TRUE, BUT AGAIN, THAT IS NOT ABOUT NET FINANCIAL
ASSETS.

For example, consumption includes education. Even as
it has become an increasingly valuable investment in
human capital, buying it has pushed the savings rate
lower and lower. The absurd result: Spending less on
education would raise the "personal savings rate" even
though it would reduce future U.S. growth.
IF THE FUNDS SPENT GO TO OTHER PEOPLE THE NET
FINANCIAL ASSETS OF THE HOUSEHOLD SECTOR IS THE SAME.

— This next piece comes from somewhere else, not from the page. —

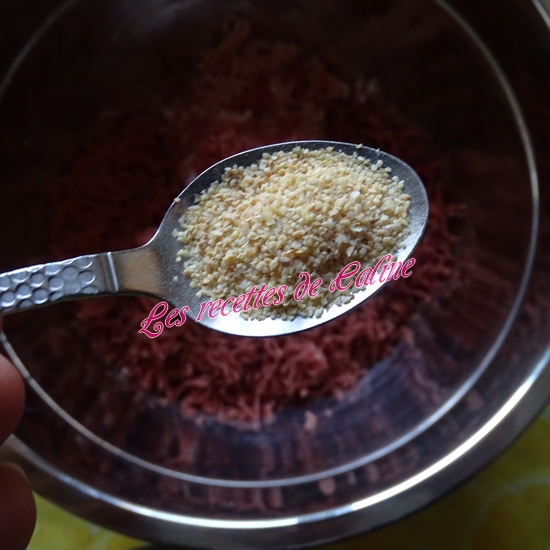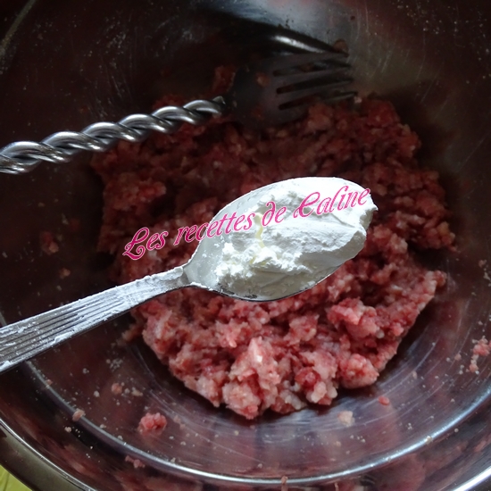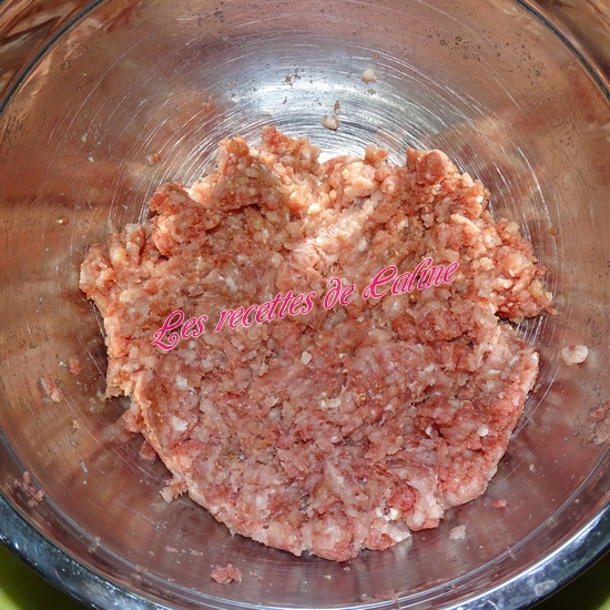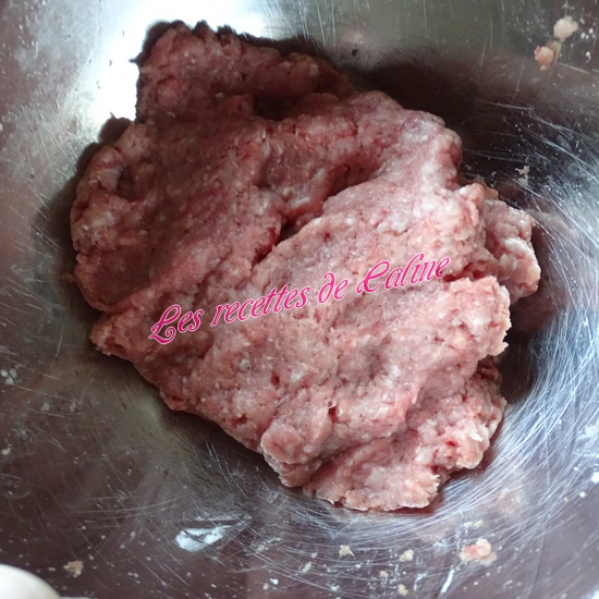 Mettre la viande hachée* dans un saladier (j’ai mis du porc et du boeuf, au moment de la photo ma viande de boeuf était encore congelé).

The broader national saving rate (household and
corporate saving less government consumption) suffers
from some of the same drawbacks as the 1.1% personal
savings rate.

NO, WORSE THAN THAT, IT SIMPLY RESTATES THE TRADE GAP.
IT'S A THROW BACK TO GOLD STANDARD/FIXED FX TO CALL
GOVT SPENDING A DROP IN GOVT SAVINGS.

Consumption is defined broadly, income narrowly. This
depresses the national saving rate even though the
U.S. ownership of assets net of debt is high and
growing at a fast rate. For example, consumption
includes personal education plus corporate and
government training and R&D expenses, all of which
facilitate innovation and future growth.
TRUE, BUT SAME MIXED METAPHOR


National income doesn't include capital gains, the
increasing value of U.S. real estate, or the (rather
large) excess of the appreciation of U.S. assets
abroad over foreign assets in the U.S. Recognizing
these adjustments, the 2004 national saving rate of
13.7% of GDP and investment of 19.7% would both be
even higher and the current-account deficit gap
narrower (by at least the mark-to-market adjustment to
the net international debtor position).
AS ABOVE.

Many economists and politicians have been holding
their breath for years waiting for U.S. consumption
and investment growth to expire, even though household
savings isn't low and is unlikely to limit the
expansion.

FINANCIAL BURDENS RATIO EX MICROSOFT DIVIDEND IS
CLIMBING BACK TOWARDS HISTORIC HIGHS.

They explain each quarter's fast growth as the last
gasp of a nation running on empty. Rather than
worrying so much and so publicly about a shortage of
savings

DEBT SERVICE RATIOS DO MATTER!

or foreign withdrawals,

THIS REDUCES DEMAND IF NOT 'COUNTERED' WITH INCREASED
DEFICIT SPENDING OF DOMESTIC OR GOVT SECTOR.

we should be working hard to encourage more
innovation and engineering, less regulatory, tax and
structural drag,

YES.

more savings for those who haven't been saving,

THAT REDUCES DEMAND.

and fewer tax distortions of market-based savings
behavior.

????

Mr. Malpass is chief economist at Bear, Stearns.